Is my work so far sufficient for what is to come? Is my uncontrollable urge to keep researching and preparing justified, or is what I have at the moment good enough?
These are all questions that question me even as I write this publication. My most important fear centres, without a doubt, on the possibility of the painting project being too ambitious. Of the two projects, the project of synchretic painting is the riskiest and most likely to go wrong. However, I have learnt over these three months that failure is part of the whole learning and research process.
This condition of learning from mistakes, or instead learning by doing, has benefited me a lot, and I feel that it is in this way, whatever the outcome, that I will be able to achieve my goals and answers. This is called Practice as Research (PaR).
According to Robin Nelson, PaR is:
PaR involves a research project in which practice is a key method of inquiry and where, in respect of the arts, a practice (creative writing, dance, musical score/ performance, theatre/performance, visual exhibition, film or other cultural practice) is submitted as substantial evidence of a research inquiry.
It is a practice that antagonises the classic university research method, where theory and practice are distinct nuances of each other. In this case, and in this method, PaR is an asset in the arts. In my opinion, PaR enables the following factors:
- It demystifies the pressure one has on both the creative process and the process of theoretical rationalisation. One absorbs mistakes and less favourable responses to research more lightly than the other way around.
- It makes possible and credible the creation of more artistic content adequately contextualised. It embraces innumerable nuances and investigates new methods.
The philosophy of this method also lies in ideologies that are very posthumous to today’s date. It reminds me of David Hume’s theories of knowledge – a posteriori. The knowledge is only taken for granted after practice. Or, also Lev Vygotsky’s ideas about the Zone of Proximal Development – the distance between what a learner can do unsupported and what they can only do supported.
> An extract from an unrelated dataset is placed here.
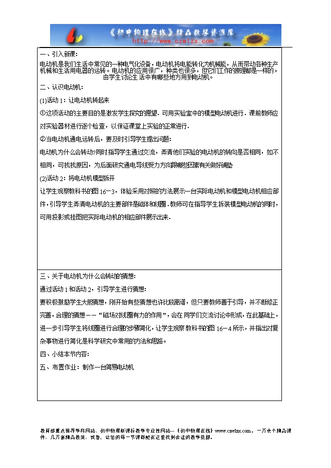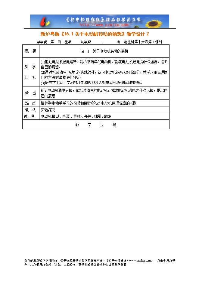 - 下一份资料:新沪粤版《16.1关于电动机转动的猜想》教学设计3
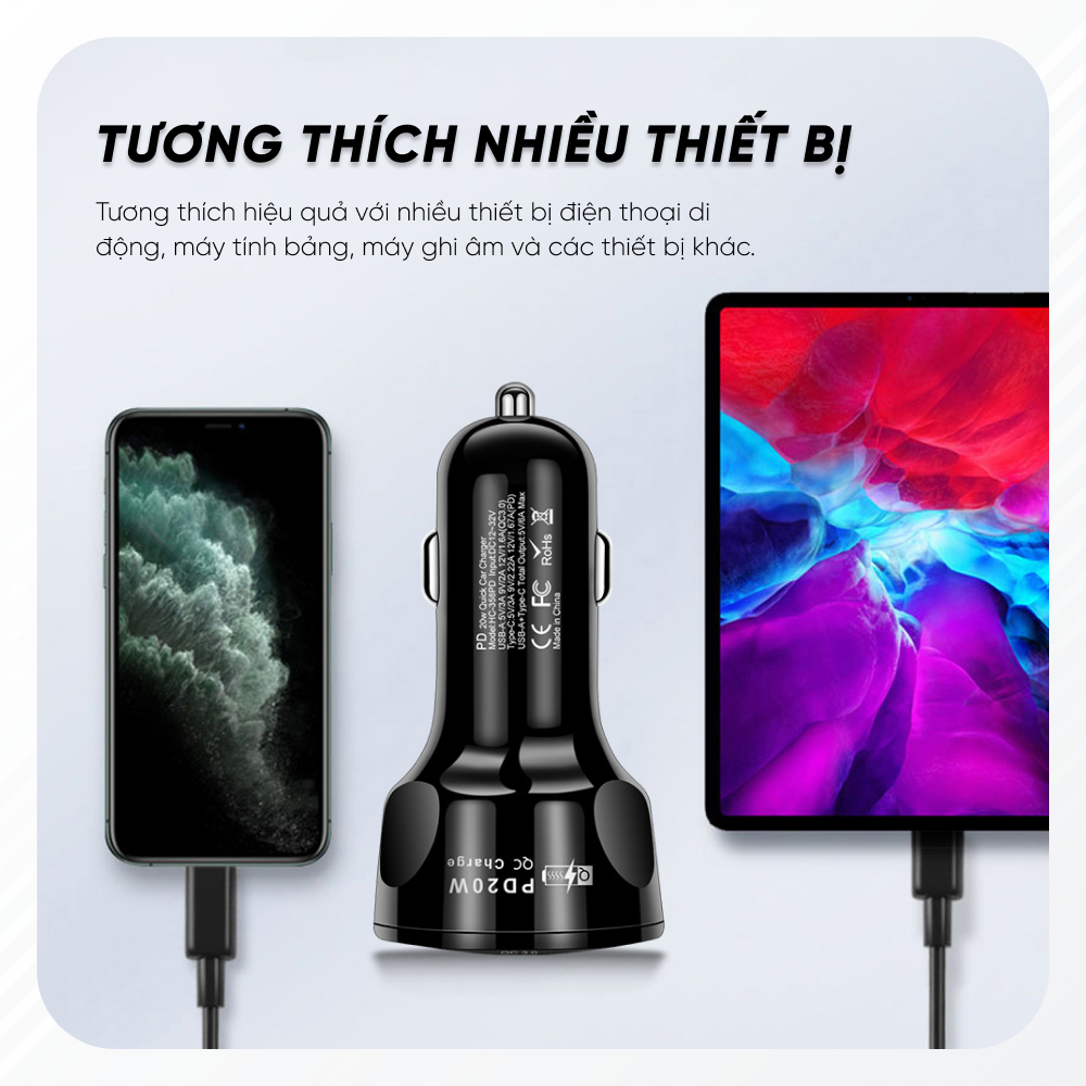 Tẩu Sạc Điện Thoại USB Type C Hỗ Trợ Sạc Nhanh 20W Nếu bạn cảm thấy bất tiện khi phải cắm sạc cùng lúc nhiều thiết bị? Tẩu sạc thông thường chỉ có 2, thậm chí cùng lắm là 3 cổng sạc. Đây sẽ là sản phẩm dành riêng cho bạn. Tẩu Sạc ô tô chia 4 cổng USB Chất liệu cao cấp chống rơi vỡ, chống cháy chuẩn an toàn cho người sử dụng. ƯU ĐIỂM SẢN PHẨM:

Robin Nelson reminds us of David Pears’ bicycle example:
I know how to ride a bicycle, but I cannot say how I balance because I have no method. I may know that certain muscles are involved, but that factual knowledge comes later, if at all, and it could hardly be used in instruction
This is a good example of practical knowledge and resembles the same method I’m using for painting. I do not know anything about it. But through documentation, trial and error experience, and practising, I will accomplish fundamental results.
I’m looking forwards to this next phase, and I will embrace the best way possible.